Used is definitly a better option. Not only for the reasons mentioned, but you could get one cheaper than $500. Take your time. Then, whatever issues it has - well they are easy to work on. Rebuild that sucker and you got a new engine using the old, solid technology that they never had a reason to deviate for except political concerns.


----------



## heavy-chevy (Aug 6, 2008)

i dont think i have EVER seen or heard of any of those engines actually breaking.


----------



## bassboy1 (Aug 6, 2008)

I have heard, first hand, of a V4 90 Johnson, that for whatever reason, threw a rod, and when it threw the rod, it severed the oil injection hose, and damaged the cooling passages so that only one of the remaining 3 cylinders was getting water, and none were getting oil. That engine still took the fellow 16 miles to the ramp, and then seized within about 100 yards from the dock at the ramp, where he coasted right up. Now that, is a real trooper. 

Heard another, again first hand, where the guy was taking his late 60s Johnson 40 out for a test spin, and figured just for a test run, the thumb screws would be okay, and he would bolt it later. Apparently he was wrong, and his engine was dropped in salt water. Got towed home (lived in the canal, so had his own dock, with another boat) grabbed his other boat, and went to search for the engine. Couldn't find it. Searched again for the next two days, before finding it. Dragged it out, smothered that sucker in WD-40 and 2 stroke oil, replaced the spark plugs, and magneto, and that baby roared again. Doubt that will happen with a new one. 

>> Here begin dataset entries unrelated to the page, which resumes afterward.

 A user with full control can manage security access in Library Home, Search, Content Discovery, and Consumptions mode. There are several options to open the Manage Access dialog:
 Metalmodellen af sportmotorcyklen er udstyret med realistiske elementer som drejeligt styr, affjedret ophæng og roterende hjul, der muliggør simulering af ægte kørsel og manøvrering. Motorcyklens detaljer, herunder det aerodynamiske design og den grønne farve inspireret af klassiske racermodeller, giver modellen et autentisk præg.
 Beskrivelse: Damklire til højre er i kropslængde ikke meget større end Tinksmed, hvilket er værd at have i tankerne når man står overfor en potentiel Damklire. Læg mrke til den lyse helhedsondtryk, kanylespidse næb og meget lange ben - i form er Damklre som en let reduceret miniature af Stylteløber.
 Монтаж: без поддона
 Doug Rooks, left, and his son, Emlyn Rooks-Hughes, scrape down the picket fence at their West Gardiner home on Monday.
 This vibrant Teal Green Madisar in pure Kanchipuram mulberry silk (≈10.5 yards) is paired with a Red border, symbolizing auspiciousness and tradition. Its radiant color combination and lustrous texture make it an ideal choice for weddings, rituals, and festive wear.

I have seen plenty of blocks with holes in the side, but that was usually because somebody bought the two stroke, but couldn't find the "dip stick" to check the oil, and figured that whatever oil was in it would be fine for one trip, and he would deal with that later.  :lol: Or something to that sort. (have heard the mentioned scenario as it was written, and quite a few other similar, but not worthy of typing scenarios)

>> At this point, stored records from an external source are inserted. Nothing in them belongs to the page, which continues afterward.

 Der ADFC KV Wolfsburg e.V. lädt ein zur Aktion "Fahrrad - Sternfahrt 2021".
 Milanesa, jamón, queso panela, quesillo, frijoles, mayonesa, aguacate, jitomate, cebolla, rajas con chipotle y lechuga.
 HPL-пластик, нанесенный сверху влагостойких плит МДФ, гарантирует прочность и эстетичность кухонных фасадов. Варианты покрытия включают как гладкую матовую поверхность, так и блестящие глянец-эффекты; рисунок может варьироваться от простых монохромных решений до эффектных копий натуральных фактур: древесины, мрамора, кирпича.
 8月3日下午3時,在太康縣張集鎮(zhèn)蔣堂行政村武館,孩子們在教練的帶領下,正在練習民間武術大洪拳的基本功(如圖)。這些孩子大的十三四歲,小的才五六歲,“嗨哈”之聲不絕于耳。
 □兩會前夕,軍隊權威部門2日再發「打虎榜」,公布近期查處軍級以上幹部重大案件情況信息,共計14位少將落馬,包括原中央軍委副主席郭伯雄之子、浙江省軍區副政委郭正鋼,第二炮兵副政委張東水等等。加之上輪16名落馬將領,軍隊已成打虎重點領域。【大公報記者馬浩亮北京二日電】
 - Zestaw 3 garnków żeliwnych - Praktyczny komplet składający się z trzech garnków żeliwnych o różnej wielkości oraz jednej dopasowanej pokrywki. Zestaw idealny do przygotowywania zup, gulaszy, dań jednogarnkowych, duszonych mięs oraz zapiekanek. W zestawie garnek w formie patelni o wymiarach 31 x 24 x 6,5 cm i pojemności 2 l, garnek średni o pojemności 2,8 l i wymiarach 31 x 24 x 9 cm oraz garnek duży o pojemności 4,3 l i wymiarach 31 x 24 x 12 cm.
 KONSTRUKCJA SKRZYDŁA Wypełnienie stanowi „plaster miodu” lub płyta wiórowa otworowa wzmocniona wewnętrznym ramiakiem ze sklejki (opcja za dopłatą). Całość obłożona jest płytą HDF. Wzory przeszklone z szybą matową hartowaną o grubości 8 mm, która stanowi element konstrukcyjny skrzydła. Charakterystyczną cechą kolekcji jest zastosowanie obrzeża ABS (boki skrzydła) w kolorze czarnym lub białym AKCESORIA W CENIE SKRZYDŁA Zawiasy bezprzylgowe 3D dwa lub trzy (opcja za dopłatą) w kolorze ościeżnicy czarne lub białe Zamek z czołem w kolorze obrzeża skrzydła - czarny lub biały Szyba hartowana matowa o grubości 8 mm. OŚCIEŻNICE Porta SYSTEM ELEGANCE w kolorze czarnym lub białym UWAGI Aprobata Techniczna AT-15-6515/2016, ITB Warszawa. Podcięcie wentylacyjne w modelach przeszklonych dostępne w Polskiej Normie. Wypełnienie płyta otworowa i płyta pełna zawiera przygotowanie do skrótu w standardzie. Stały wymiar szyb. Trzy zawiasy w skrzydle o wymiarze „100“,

Now, I have seen plenty of blocks of newer motors, with little windows to the cylinder for no apparent reason as well. Disheartening to walk into a boat shop, and see 8 or so blocks, of one particular motor, that have been replaced under warranty, which obviously proves it was manufacture damage, not user error (or warranty would be voided).


----------



## Deadmeat (Aug 9, 2008)

Thanks for all the great advice, guys. I'm just one of those folks who firmly believes that the more parts, the more that can go wrong, and the 4-stroke certainly has more than a 2-stroke. I'm not good at fixing much of anything (my definition of a precision tool is a sledge hammer and anvil), so I want reliability and simplicity above all else. Oh, how I wish I had my old 30 hp Evinrude back and knew how many thousands of hours I had on it without a speck of trouble. I'll start looking for a good used 2-stroke.

Also, I just found this website a couple weeks ago and am amazed at the ingenuity you guys have in fixing up boats to suit your individual needs. I'm already sitting here with a pile of advice and photos of your boats and compiling them into a notebook so that when the time comes I'll be ready to start the modifications.


----------